My computer would crash. Now, in Pandas, you can read a file by chunks (https://stackoverflow.com/questions/25962114/how-to-read-a-6-gb-csv-file-with-pandas). I haven't seen anything related to such capabilities in the geopandas (or fiona, used to read the files) documentation.

What would be my options here?

  • I tested converting my gpkg file to csv file in QGIS. I could then read it using Pandas and work my way up from there. While this could be a solution, I'd rather avoid this if possible.

  • I could technically manually "tile" my data in QGIS, and get say 4 gpkg files of 2.5GB, but I don't want to do this.

  • I could (and will) upgrade my RAM, but the problem is still there if I have 16GB of RAM and a 20GB gpkg file, etc.

6
  • Have you actually tried it?
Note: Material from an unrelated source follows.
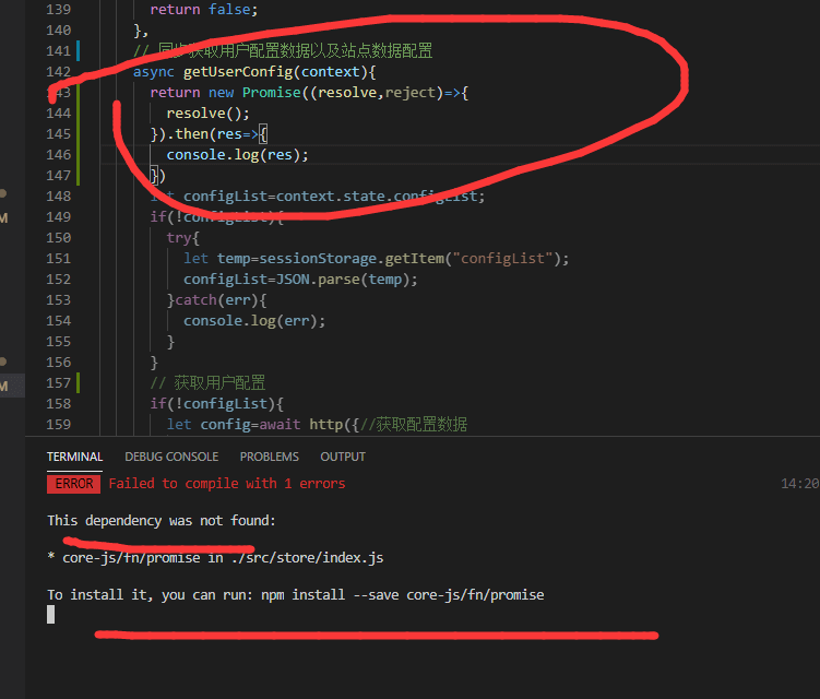5.This dependency was not found:* core-js/fn/promise in ./src/store/index.js

All modern OSs are able to swap out to disk in case they run out of RAM, that means things goes slower, but it should work. Commented Nov 6, 2019 at 6:27
  • I guess you can use SQL "SELECT" with GeoPandas and therefore also LIMIT and OFFSET sqlite.org/lang_select.html.
    – user30184
    Commented Nov 6, 2019 at 7:45
  • you could consider loading your data into PostGIS do the analysis there. There you do not have any problems with space Commented Nov 6, 2019 at 7:56
  • You can read different geographically bounded chunks using bbox parameter. It depends what you have to do with your gpkg. If you need to work with all features at once, you might want to look for a different solution, but @MortenSickel is right, try that before. Commented Nov 6, 2019 at 9:02
  • My goal was to upload to PostGIS through python. I guess I can use ogr2ogr instead but I would have liked a python way. Commented Nov 6, 2019 at 16:04

1 Answer 1

0

The fastest way to read chuncked from a large geopackage is (as far as I know) to filter on the FID using a SQL statement, as this is the primary key.

You can execute SQL statements using geopandas.read_file.

Some rough, untested code that shows the idea:

import geopandas as gpd

start_fid = 0
chunk_size = 100_000
while True:
    sql = f'''
        SELECT * FROM "file"
         WHERE fid >= {start_fid} AND fid < {start_fid + chunk_size}
    '''
    gdf = gpd.read_file("file.gpkg", sql=sql)
    if len(gdf) == 0:
        break

    start_fid += chunk_size

    ...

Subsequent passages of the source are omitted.